Das bolschewistische Regime machte kein Hehl daraus, daß es die alte Schicht der Gebildeten, die es bourgeoise Intelligenzia nannte, vernichten wolle und sich ihrer nur so lange zu bedienen beabsichtige, bis eine neue „proletarische“ Intelligenzia herangezüchtet sein würde. Um das zu erreichen, wurden damals die berüchtigten Arbeiterfakultäten geschaffen, die in Schnellsiedekursen erwachsene Analphabeten hochschulreif machen sollten. Bald überschwemmten diese Leute die Hochschulen und Universitäten. Das Niveau der Hochschulbildung sank erschreckend. Die auf diese Weise gezüchteten Spezialisten waren jedoch praktisch nicht zu gebrauchen. Ein anderer Weg war ebenso erfolglos, bedeutete jedoch eine neue Belastung der noch vorhandenen Intellektuellen aus der Zeit des zaristischen Regimes. Tausende von Arbeitern und kleinen Angestellten, welche die Parteiorganisationen hierzu für befähigt hielten, wurden in wissenschaftliche Institute, Laboratorien und Aemter entsandt. Sie sollten in möglichst kurzer Frist den alten Intelligenzlern ihr Wissen und Handwerk abschauen. Das führte überall zu schier unerträglichen Zuständen.

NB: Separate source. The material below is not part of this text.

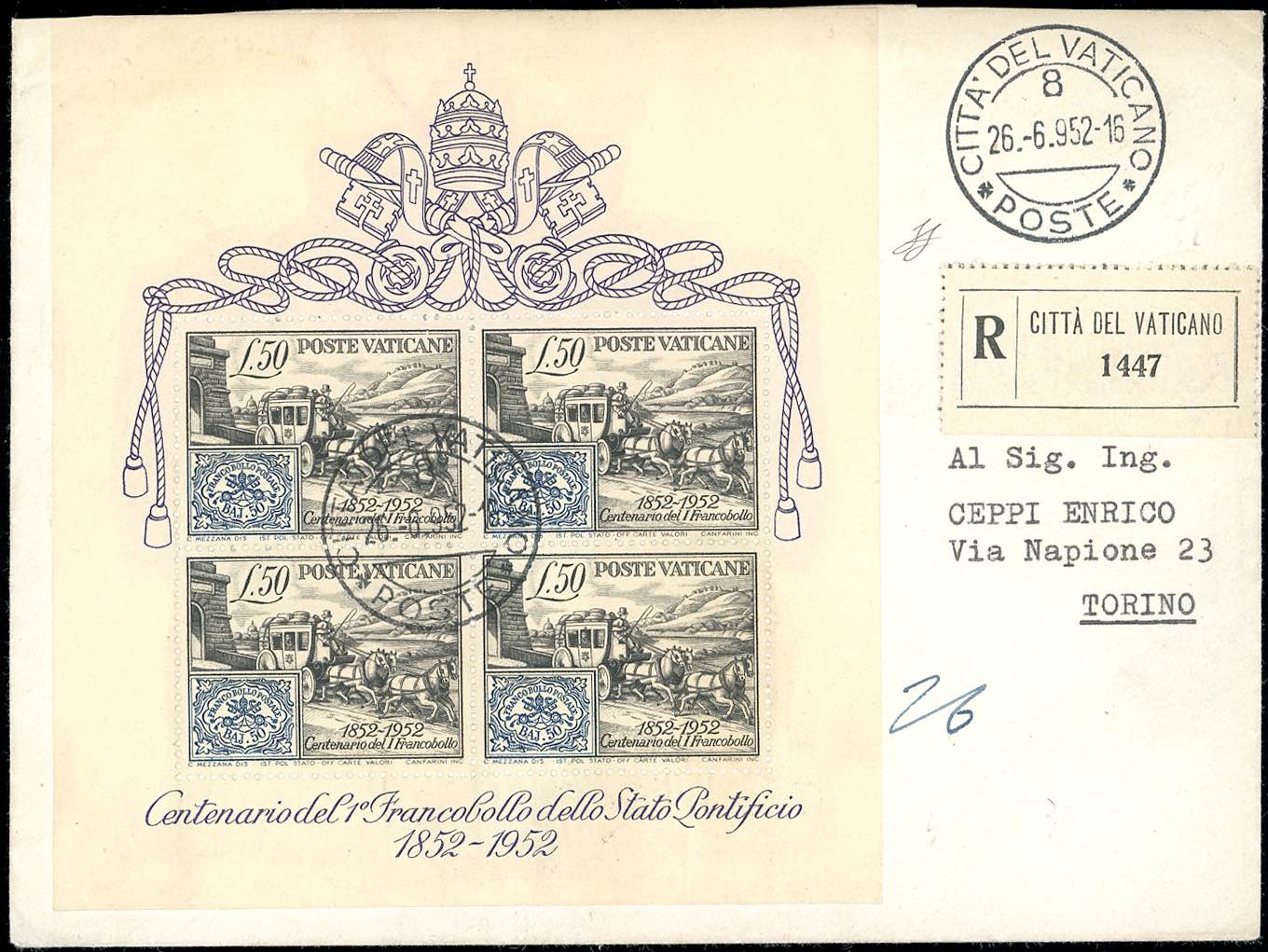 1952 - 50 lire Centenario francobolli dello Stato Pontificio, foglietto (1), perfetto, su busta raccomandata da Città del Vaticano 26/6/1952 a Torino. Ferrario.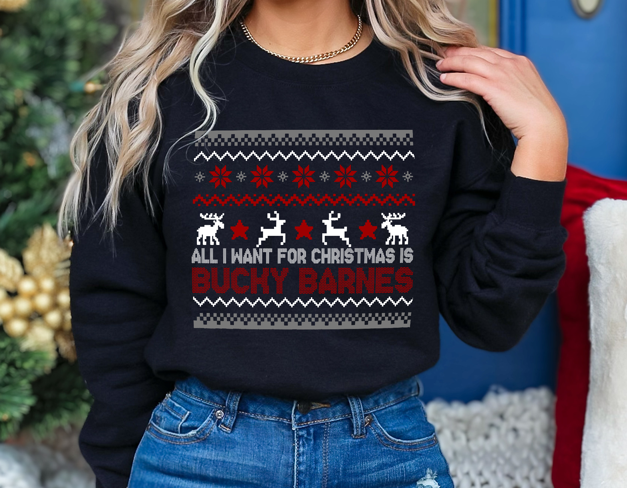 Declare your allegiance in style with this witty, fandom-approved sweatshirt. Featuring the phrase “All I want for Christmas is Bucky Barnes" it’s the perfect mix of cozy and chaotic energy.

Man stelle sich damals die Lage eines Intellektuellen vor, z. B. eines Arztes. Seine Wohnung hatte er schon lange nicht mehr. Was ihm geblieben war, war höchstens ein Zimmer. Dort mußte er mit seiner ganzen Familie hausen,

während die übrigen Räume der Wohnt“1? dicht gedrängt von Arbeiterfamilien besiedelt waren, Arbeiterfamilien nicht etwa europäischen Gepräges, sondern von Leuten, die noch gestern im russischen Dorf gelebt hatten, die in kürzester Zeit das Badezimmer unbrauchbar machten, es nicht verstanden, die Toilette zu benützen, und mit denen die Arztfamilie die Küche teilen mußte. Dazu kam noch, daß diese neuen Mitbewohner den alten Inhaber der Wohnung als Vertreter der Bourgeoisie noch nach Möglichkeit schikanierten. Jedes Wort der Beschwerde war gefährlich. Jeder Hinweis darauf, daß geistige Leistungen bei einer solchen Lebensweise beinahe unmöglich seien, wurde mit Hohn als Anmaßung abgetan. Unter solchen Umständen mußte nun der Arzt noch dazu Uebermenschliches leisten. Er konnte nicht zu Hause bleiben. Er war gezwungen, mehrere Posten zu bekleiden. Den ganzen Tag mußte er von einem Ambulatorium zum anderen reisen, entweder zu Fuß oder an der überfüllten Trambahn hängend, mußte dann noch zu Hause

Sprechstunden abhalten und die Kranken seines Reviers besuchen.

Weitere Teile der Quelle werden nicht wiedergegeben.